> [REQUIRED WORK]
Only one stretch of the data below should be repeated: the lines from the line containing "새해를 알리는 33번의" through the line containing "2025년 기준 중위소득은", inclusive, exactly as they are.

> [AVAILABLE DATA]
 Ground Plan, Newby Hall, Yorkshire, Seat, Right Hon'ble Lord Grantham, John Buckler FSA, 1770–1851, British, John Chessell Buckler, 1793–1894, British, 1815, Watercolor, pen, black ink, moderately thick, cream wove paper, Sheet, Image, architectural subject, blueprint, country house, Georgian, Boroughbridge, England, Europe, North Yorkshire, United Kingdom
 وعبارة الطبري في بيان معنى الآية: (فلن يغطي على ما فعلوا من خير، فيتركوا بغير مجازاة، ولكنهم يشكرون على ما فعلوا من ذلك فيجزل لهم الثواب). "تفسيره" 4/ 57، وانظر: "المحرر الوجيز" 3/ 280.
--
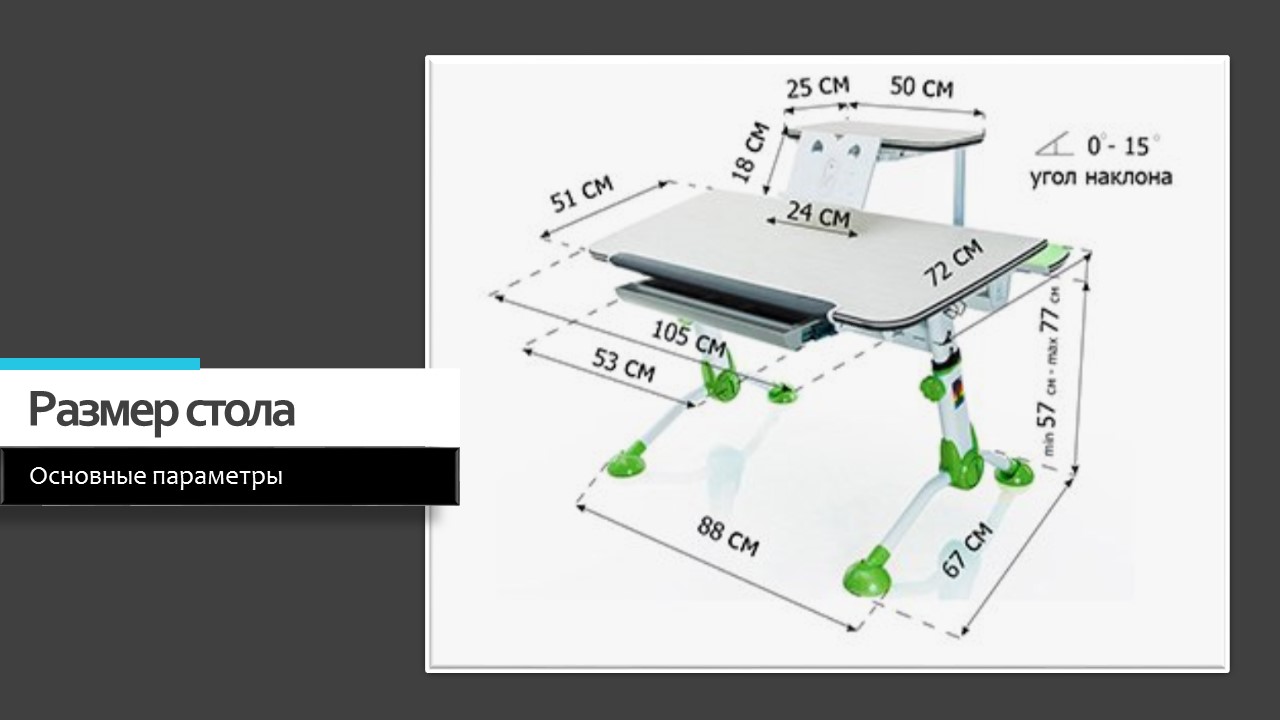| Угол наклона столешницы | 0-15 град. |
--
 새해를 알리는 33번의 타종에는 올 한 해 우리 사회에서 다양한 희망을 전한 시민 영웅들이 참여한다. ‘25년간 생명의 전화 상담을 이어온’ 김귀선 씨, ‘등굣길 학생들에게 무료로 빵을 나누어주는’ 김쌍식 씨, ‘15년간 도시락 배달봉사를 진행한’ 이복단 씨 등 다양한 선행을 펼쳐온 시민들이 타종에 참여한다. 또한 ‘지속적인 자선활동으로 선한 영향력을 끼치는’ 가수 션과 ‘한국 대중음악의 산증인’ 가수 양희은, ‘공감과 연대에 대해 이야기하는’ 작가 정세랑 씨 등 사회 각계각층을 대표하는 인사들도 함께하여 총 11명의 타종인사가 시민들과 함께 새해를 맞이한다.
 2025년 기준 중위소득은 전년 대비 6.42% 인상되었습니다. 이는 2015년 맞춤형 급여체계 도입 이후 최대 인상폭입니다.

> [RESPONSE AREA]
 새해를 알리는 33번의 타종에는 올 한 해 우리 사회에서 다양한 희망을 전한 시민 영웅들이 참여한다. ‘25년간 생명의 전화 상담을 이어온’ 김귀선 씨, ‘등굣길 학생들에게 무료로 빵을 나누어주는’ 김쌍식 씨, ‘15년간 도시락 배달봉사를 진행한’ 이복단 씨 등 다양한 선행을 펼쳐온 시민들이 타종에 참여한다. 또한 ‘지속적인 자선활동으로 선한 영향력을 끼치는’ 가수 션과 ‘한국 대중음악의 산증인’ 가수 양희은, ‘공감과 연대에 대해 이야기하는’ 작가 정세랑 씨 등 사회 각계각층을 대표하는 인사들도 함께하여 총 11명의 타종인사가 시민들과 함께 새해를 맞이한다.
 2025년 기준 중위소득은 전년 대비 6.42% 인상되었습니다. 이는 2015년 맞춤형 급여체계 도입 이후 최대 인상폭입니다.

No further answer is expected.